Even though the SAN companies have said tape is going to die, until another form of media (perhaps super-inexpensive flash media [1]) is as reliable as tapes and can be put in the Iron Mountain case and sent offsite for safekeeping for decades on end, tape will be with us. Only optical comes close to tape for long term archiving abilities.
[1]: I can see someone make flash media that is semi-smart where it is put in a specific case, shipped to an offsite warehouse, and that warehouse plugs in the cases into 5-12VDC. Then over time, the circuitry on the flash drives periodically checks the stored flash media for damage or bit rot, corrects errors by rewriting blocks, and good blocks it would periodically move to ensure that there is a high signal to noise level on all media. Of course, this requires power, while tapes can happily sit in a climate controlled warehouse and be still recoverable.
this helps me to be a better employee. From now on I'll only save 25% of the data I acquire, because the odds are the other 75% would only be needed 7.5% of the time. In other words, 92.5% chance not likely to be needed at all.
If you're talking about blog entries. Almost all of them (well, almost all of *mine* :-) are written once and never read, unless you count spiders as reading them.

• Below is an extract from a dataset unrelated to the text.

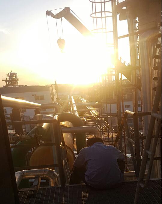 21时许,中午的烈日早已变得温柔,远远挂在半山腰朝着我们微笑,我站在汽提塔顶部,看着碧蓝的天空被几朵洁白的云彩镶嵌着,长长输煤栈桥下不时还盘旋着几只白鸽。我的心情不自觉的开阔起来。楼下总控室前的伙伴正想我招手“下来吃饭了。”看看刚刚盖上封头的汽提塔,长长的出了口气,终于圆满完成检修任务。
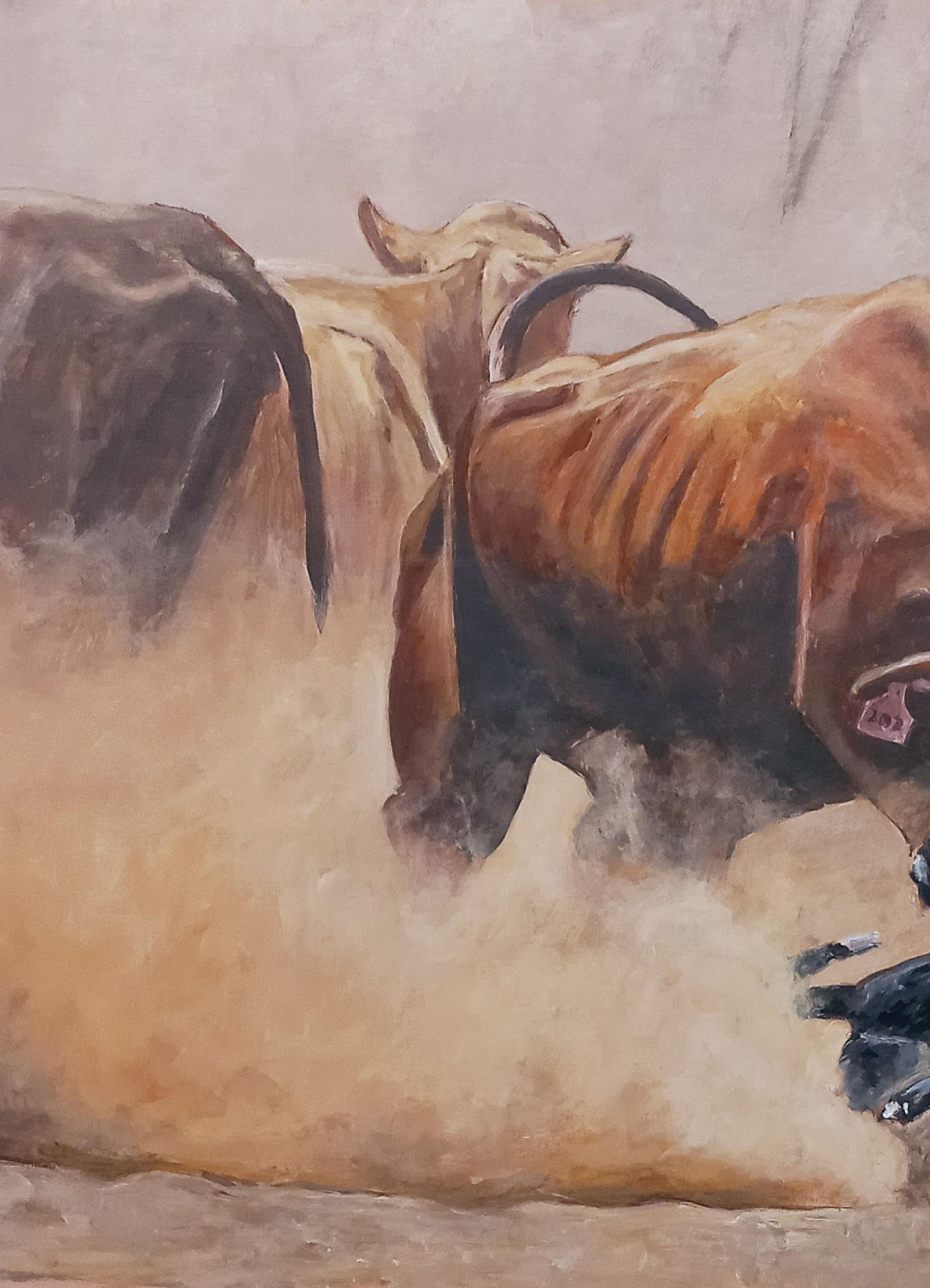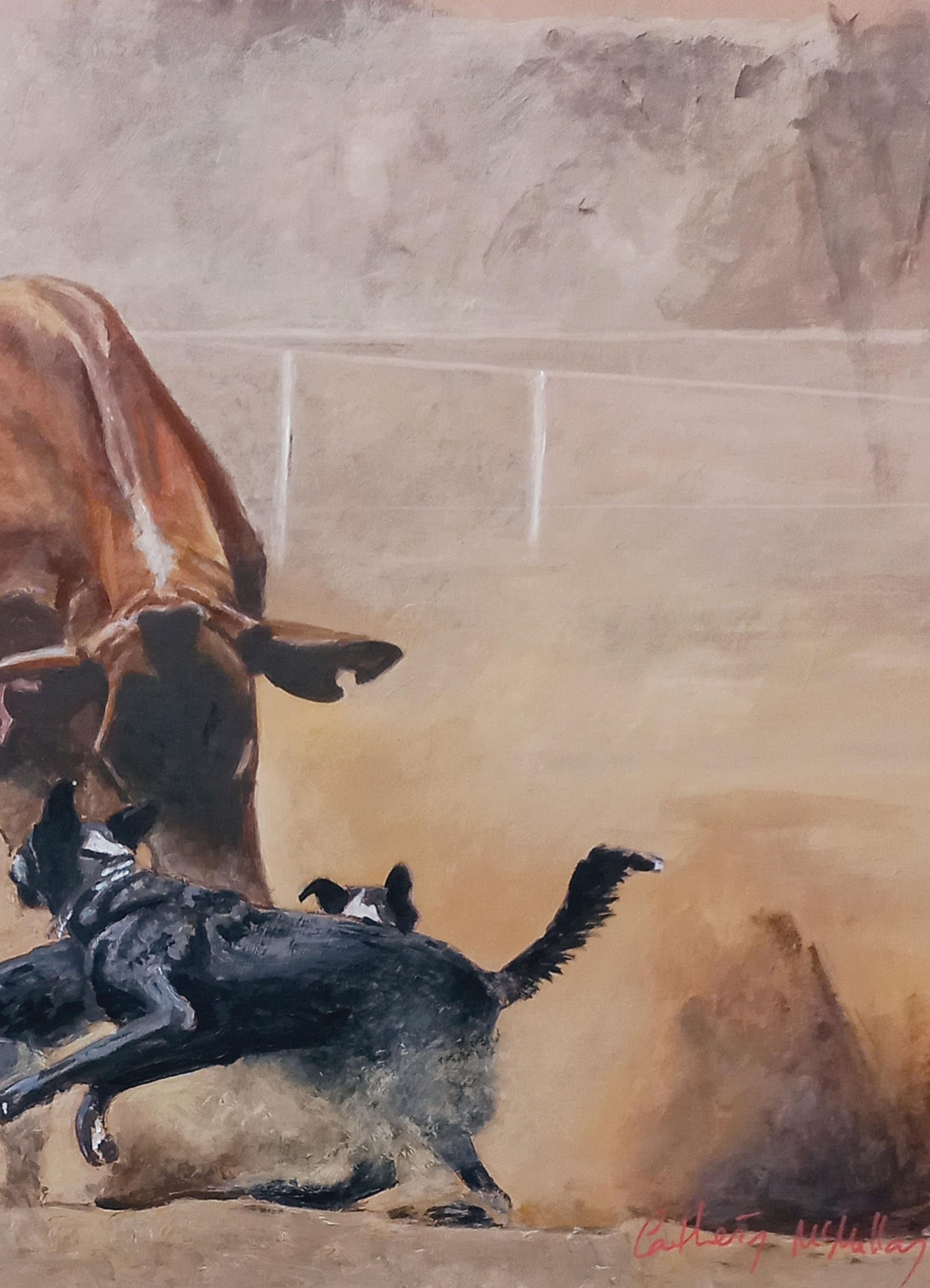 I am Catherin McMillan a portrait artist from the South Coast of NSW. Having grown up in a farming family and living in the middle of dairy farming country, I’m captivated by rural life. I love nothing more than depicting the people on the land be it at work or at leisure. Denim and dust are my passion. From dogs working bulls in a yard to stockmen and their dogs bringing a mob of cattle home at the end of the day. This is one of my paintings, ‘Stand Off’. You can view more of my work on my website www.animalarthouse.com. Open for commissions.

politicians are like babies' nappies: they should both be changed regularly and for the same reasons
Over 92% of fire extinguishers will never be used, we could probably save a bit of space by having the unneeded ones stored off-site, or in less accessible corners of the garage.
Slightly more seriously, we can certainly answer this question posed by the linked article easily: "why on earth did we squander so much money by not thinking this way until now?" The answer is: because you are a moron. Anyone who has given even a moment's thought to storage has known this, either implicitly or explicitly, for a long time. So whoever's included in your "we," Steve Cassidy, is just profoundly stupid. I think that quite easily explains why you all squandered so much money by not thinking about this. Next question?
And if you didn't have that 10% that is eventually needed, you'd be totally screwed. Do we really need to play the 20/20 hindsight game every time somebody thinks of something like this?
I wasted money on a dictionary that has tens of thousands of words but have only ever looked up a few hundred. I should have bought one that just had the words I would actually need.
.sig withheld by request
a) Forbid *unmanaged* of documents. If the question: "where is the most up-to-date version of this document stored?" is systematically and easily answered then people can delete the crap from their laptops.
b) Forbid in-company attachments to mails. If the last version can be easily found, including the revision history, a link to this revision is worth *more* than the current state of the document. Most space in my inbox are totally useless attached documents.
c) Forbid the use of formats unsuitable for storing a certain kind of information. (Where i work, they use powerpoint/word files for electronics forms)
d) Provide a good archiving and backup service. Besides the quality improvement by using a service, also the 100th copy done in some unsystematic way of some data is prevented (forbid this explicitely)
e) Thin clients. store the data on a server. Deduplicate.
f) i would expect that most of the documents in a company can (and should) be stored in a database.